German court finds Google liable for defamatory AI summaries

A Munich regional court issued a temporary injunction saying Google can be held directly liable after AI-generated summaries falsely accused two German publishers of fraud.

A Munich regional court issued a temporary injunction ordering Google to stop showing certain AI-generated summaries after two German publishers were falsely described as involved in fraud and dubious business practices. The court held that those AI summaries can be treated as statements by Google and that the company can be directly liable for defamatory content.

The court said a generic on-screen warning asking users to verify AI results does not remove Google’s responsibility when the system produces false allegations. Judges described the AI summaries as independent, substantive assertions that go beyond traditional search indexing.

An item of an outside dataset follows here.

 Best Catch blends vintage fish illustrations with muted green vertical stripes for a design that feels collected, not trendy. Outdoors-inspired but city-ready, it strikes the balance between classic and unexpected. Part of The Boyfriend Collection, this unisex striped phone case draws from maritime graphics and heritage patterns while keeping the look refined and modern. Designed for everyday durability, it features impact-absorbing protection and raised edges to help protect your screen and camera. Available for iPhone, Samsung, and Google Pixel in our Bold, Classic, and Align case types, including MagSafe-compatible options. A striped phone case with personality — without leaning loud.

The court noted that traditional search results link to third-party pages and are treated as indexing, not publication. By contrast, the AI summaries create new text by summarizing, rephrasing or inventing facts and placing them prominently at the top of search pages. Because Google controls the models and the logic that produces those summaries, the court said the company is in a position to prevent repeated dissemination of false information.

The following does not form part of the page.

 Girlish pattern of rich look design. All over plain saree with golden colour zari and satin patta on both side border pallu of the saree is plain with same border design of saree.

A key factor in the ruling was that Google did not immediately stop similar false summaries after the publishers sent a cease-and-desist demand. The court regarded the lack of prompt remedial action as evidence that Google could and should take steps to stop repetition of the same or similar false statements.

Google’s AI Overviews are powered by the Gemini model and are intended to give users quick answers. User-behavior research cited by the court showed that when an AI summary appears on a results page, clicks on standard links fall from about 15 percent to about 8 percent. Independent checks found the summaries accurate in roughly nine out of ten cases, but the court noted that processing more than five trillion queries a year means even a small error rate can produce many incorrect responses. The ruling also noted that many summaries labeled as accurate lacked full supporting evidence in the cited web pages.

The injunction is preliminary and can be appealed. The court framed its decision as a legal distinction between passively indexing the web and actively producing new statements through machine learning systems. The order requires Google to stop displaying the specific misleading summaries identified by the publishers.